Dang! I can't figure out how to embed the photo in this post, so I regret you'll have the disadvantage of having to follow the link to see it.
It's not me, and certainly not Mr. M, in case you were wondering. But I'd love to be so bold, to feel such freedom and comfortable-ness in such a natural act.
Once again, I'm indebted to the TravelinOma for the photo, and the Be Real assignment that follows.
~Describe yourself from a friend's point of view. Does she know the real you? Do you want her to?
I think there's only been one person in my life who knew the real me, the real-and-complete picture of who I see myself to be ... and who loved me as she saw me. That was Colleen, my "fairy godmother," my friend and former therapist. When she was my therapist, I bared myself to her completely. I learned in ten years of therapy that it was not only safe to be totally authentic, it was the best way -- maybe the only way -- to truly heal. And then after I left therapy and continued/built a friendship with her, I still seldom held anything back (at least, until she got very, very sick).

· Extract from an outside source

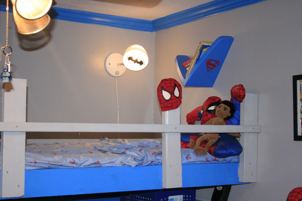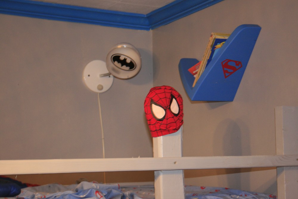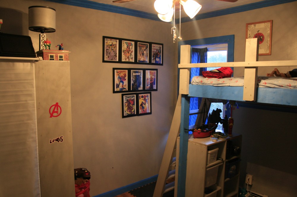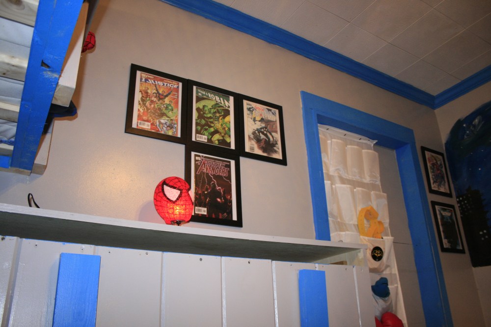 In a world where Big boys strongly dislike little boy rooms…..A hero emerges ( or at least a hero’s room).Little man is coming up on his birthday this week and we decided to give him a big boy bedroom. His idea ( not mine) was to go with superhero theme. After a weekend of hard work and a little help from my girls here are some before and after Pics…..as a note i found that the 1.99 picture frames from Ikea work great for displaying your favorite Comic books….

And then, a year ago last week, Colleen was admitted to the hospital and a few days later, had surgery to remove a cancerous tumor from her brain. By March, she made her transition to the great Next Thing. (It's so hard to write the word "death" about her, partly because of who she was/is and partly because of what I believe about "death" ... but some folks don't understand the change in state if I don't use the D word.)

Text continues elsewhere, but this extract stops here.